The following section shows that there is no generalizable answer to this question: any answer depends on the specific research results as well as resources and actors available and accessible in markets and society, whether benefits to the public can be achieved through open publication or whether they require more targeted collaboration with external partners.
Conflict, Complement, or Critical Component: Discussion and Examples
Although the mechanisms of achieving outcomes of benefit to society are similar for universities and government laboratories, the emphasis on the different mechanisms and the institutional frameworks show some differences. In government laboratories with specific mandates, the link between research activity and anticipated societal outcomes is typically well articulated. For example, ministries of health are expected to contribute to improved health outcomes among citizens, environment ministries are tasked with achieving environmental outcomes, and each country tends to cover the various dimensions of societal concerns through a range of ministries and agencies. Although universities and some government research institutions with broader mandates do not usually target such specific mandates, there is an expectation that each discipline of research will contribute to societal outcomes in the manner appropriate to the field.
The following subsections explore the relationship between such societal mandates and commercialization of research results.
Commercialization in conflict with societal benefits
As noted above, the conflicts described in the academic literature focus primarily on the trade-offs between publishing and patenting or licensing. The key concern here is that researchers may spend their time producing results that are not publicly available, for example, in the form of publications, but rather producing results that benefit individual companies. Although this empirical evidence suggests there is no conflict with regards to publications versus patents or licensing (Buenstorf, 2009; Van Looy et al., 2004), publication output seems to decrease if researchers are involved in startups (Buenstorf, 2009), and collaborations with academics seem to decrease with increasing industry interactions (Clark, 2011).

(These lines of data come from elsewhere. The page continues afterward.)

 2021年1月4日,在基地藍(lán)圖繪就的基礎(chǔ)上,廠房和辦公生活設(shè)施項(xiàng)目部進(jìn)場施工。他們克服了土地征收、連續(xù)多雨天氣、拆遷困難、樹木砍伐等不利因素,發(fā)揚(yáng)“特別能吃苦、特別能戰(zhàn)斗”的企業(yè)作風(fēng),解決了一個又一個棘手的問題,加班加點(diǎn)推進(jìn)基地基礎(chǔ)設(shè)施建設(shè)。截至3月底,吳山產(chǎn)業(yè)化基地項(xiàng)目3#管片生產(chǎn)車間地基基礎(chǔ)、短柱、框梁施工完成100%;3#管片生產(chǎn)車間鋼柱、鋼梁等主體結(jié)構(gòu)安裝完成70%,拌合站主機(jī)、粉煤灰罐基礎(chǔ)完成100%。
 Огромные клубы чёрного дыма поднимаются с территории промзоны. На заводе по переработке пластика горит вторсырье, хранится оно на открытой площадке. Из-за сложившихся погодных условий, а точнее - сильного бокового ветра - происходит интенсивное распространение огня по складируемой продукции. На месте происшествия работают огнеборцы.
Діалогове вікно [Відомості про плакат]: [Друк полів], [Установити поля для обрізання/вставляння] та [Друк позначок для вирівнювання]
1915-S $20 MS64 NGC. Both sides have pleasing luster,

However, this discussion is more targeted towards a narrow view of considering the immediate research outputs and their characteristics of public good or private good in the economic sense of the term. A discussion of the public good in the common usage sense would consider whether society benefits from the commercialization of research outputs, and more specifically, whether it benefits more than from open publication of research results.
A priori, one might argue that any successful commercialization leads to positive economic outcomes, and the associated social benefits of personal income for staff, potentially health and other benefits for staff, job security, and perhaps associated outcomes such as improved health outcomes (either through health benefits or through the established link between socio-economic status and health outcomes), multiplier effects in the local economy, or perhaps regional economic development. However, it is also possible that commercialization leads to job losses through increased efficiencies, or otherwise deteriorated working conditions.

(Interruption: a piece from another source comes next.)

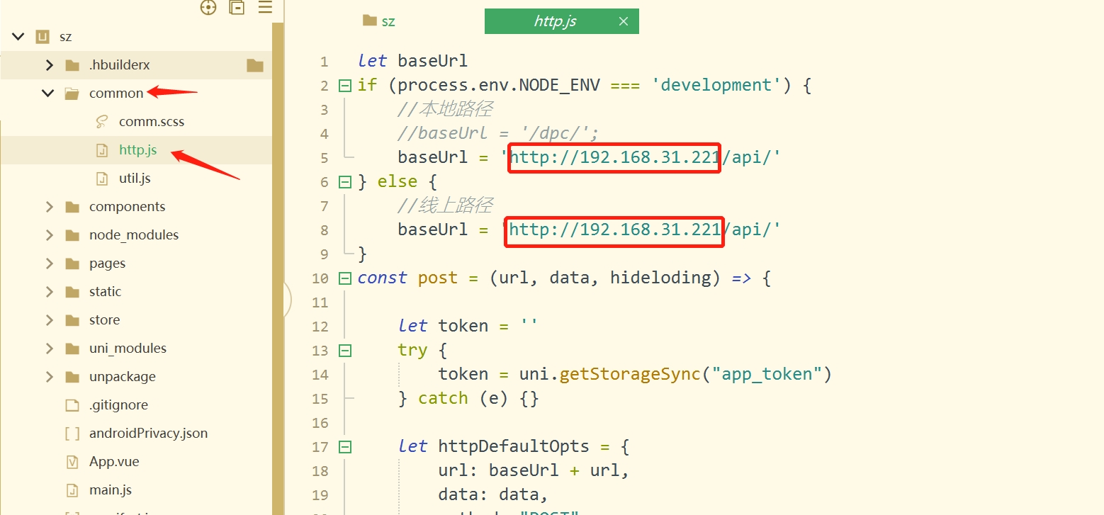 1.将前端代码导入到HBuilder X,修改接口请求路径为你的域名

Unfortunately, there is little empirical evidence on this issue, which is also related to the difficulty of measuring societal outcomes and their attribution to specific research contributions. The overall consideration of societal benefits also often requires certain ethical or moral value attributions. For example, the use of research results for governments to increase control over their citizens (e.g., through new software tools aimed at spying on citizens or censoring), the development of advanced weapons, or the adoption of psychological principles to influence voters, can be debated as beneficial or detrimental to society based on political persuasions. At this time, it seems that the approach adopted by many research organizations and funding agencies is to determine publication and patenting record, estimate economic benefits, and then document additional societal benefits through case studies or success stories that demonstrate clearly positive societal outcomes.

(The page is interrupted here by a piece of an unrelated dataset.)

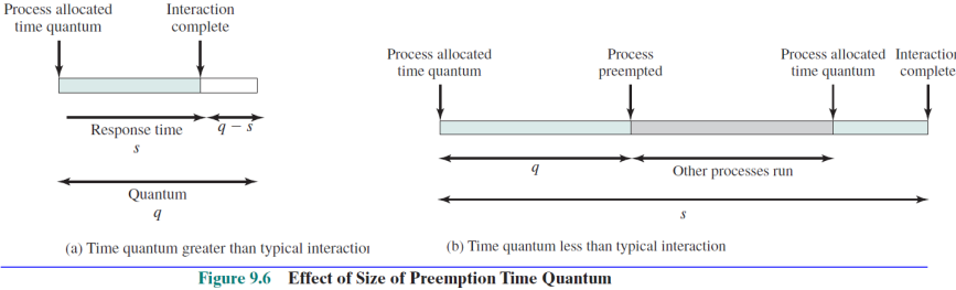 - preempt에 대한 결정은 새 프로세스가 도착했을 때, blocked process를 ready state로 만드는 인터럽트가 발생했을 때 또는 clock interrupt를 기준으로 주기적으로 수행될 수 있다.

As a last comment on the potential conflict between commercialization and public benefits, it should be noted that there are circumstances in which commercialization clearly conflicts with the public interest. Practical experience suggests that such scenarios typically arise out of the failure to negotiate licences and commercialization agreements that protect the interests of the public and the research organization. In many cases, for example, if the right to continue research on the technology is not reserved when an exclusive licence is granted, this shortcoming is attributable to a lack of awareness or human error. Thus, careful attention to the wording of the agreements is warranted (Franza et al., 2012).
Commercialization as complementary to social benefits
Much of the prior research on publishing and patenting or licensing suggests that the relationship between the dissemination of research results as public goods versus private goods in the economic sense is complementary in nature. Scientists who patent more seem to also publish more (Buenstorf, 2009; Van Looy et al., 2004; Zucker et al., 2002), and researchers engaged in commercialization activities seem to maintain appreciation for open science (Shibayama, 2012), even though the open dissemination of results may be slowed down (Perkmann et al., 2013).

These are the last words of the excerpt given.